Using only the entries below, output the lines starting at the one containing "Set vsebuje 5" and ending at the one containing "tower.im 就此成了我的第一份正式工作。我也实现了每天早上一翻身坐起来,迈半步做到桌前,No 通勤、no", exactly and inclusive of both, omitting the pictures.

Records for processing:
------

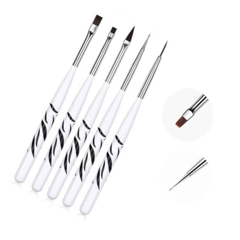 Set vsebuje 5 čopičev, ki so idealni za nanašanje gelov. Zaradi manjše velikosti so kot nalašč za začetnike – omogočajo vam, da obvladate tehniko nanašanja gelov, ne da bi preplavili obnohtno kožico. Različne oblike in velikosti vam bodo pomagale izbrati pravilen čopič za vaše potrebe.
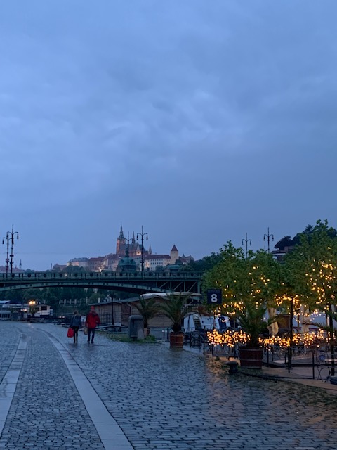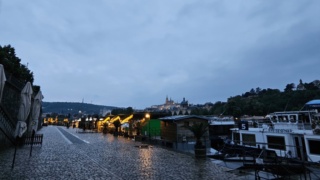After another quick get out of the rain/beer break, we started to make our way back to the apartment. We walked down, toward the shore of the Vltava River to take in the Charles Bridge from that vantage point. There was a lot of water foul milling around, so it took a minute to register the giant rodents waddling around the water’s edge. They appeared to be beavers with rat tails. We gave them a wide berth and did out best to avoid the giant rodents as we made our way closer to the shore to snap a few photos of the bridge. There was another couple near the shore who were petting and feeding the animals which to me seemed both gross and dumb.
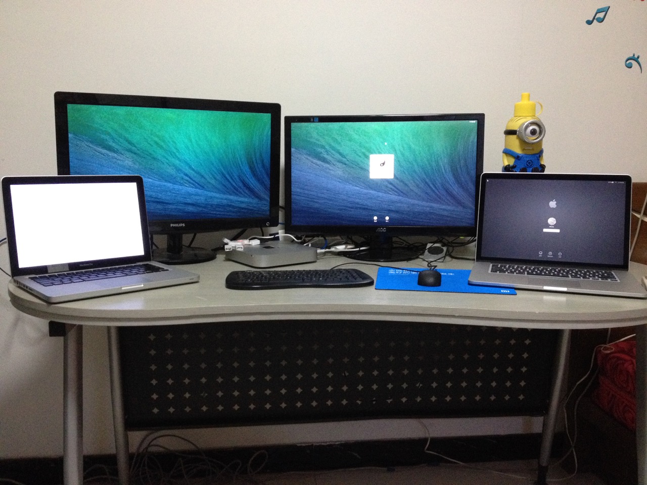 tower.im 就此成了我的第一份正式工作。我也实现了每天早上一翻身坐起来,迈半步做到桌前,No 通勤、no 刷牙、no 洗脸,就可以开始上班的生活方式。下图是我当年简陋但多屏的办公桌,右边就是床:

------

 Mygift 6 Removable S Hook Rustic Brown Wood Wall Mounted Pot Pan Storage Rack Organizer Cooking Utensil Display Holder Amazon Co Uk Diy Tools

------

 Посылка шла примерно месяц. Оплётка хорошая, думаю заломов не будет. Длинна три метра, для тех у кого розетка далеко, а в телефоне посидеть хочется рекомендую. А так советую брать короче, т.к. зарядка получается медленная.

------

Final answer:
 Set vsebuje 5 čopičev, ki so idealni za nanašanje gelov. Zaradi manjše velikosti so kot nalašč za začetnike – omogočajo vam, da obvladate tehniko nanašanja gelov, ne da bi preplavili obnohtno kožico. Različne oblike in velikosti vam bodo pomagale izbrati pravilen čopič za vaše potrebe.
After another quick get out of the rain/beer break, we started to make our way back to the apartment. We walked down, toward the shore of the Vltava River to take in the Charles Bridge from that vantage point. There was a lot of water foul milling around, so it took a minute to register the giant rodents waddling around the water’s edge. They appeared to be beavers with rat tails. We gave them a wide berth and did out best to avoid the giant rodents as we made our way closer to the shore to snap a few photos of the bridge. There was another couple near the shore who were petting and feeding the animals which to me seemed both gross and dumb.
 tower.im 就此成了我的第一份正式工作。我也实现了每天早上一翻身坐起来,迈半步做到桌前,No 通勤、no 刷牙、no 洗脸,就可以开始上班的生活方式。下图是我当年简陋但多屏的办公桌,右边就是床:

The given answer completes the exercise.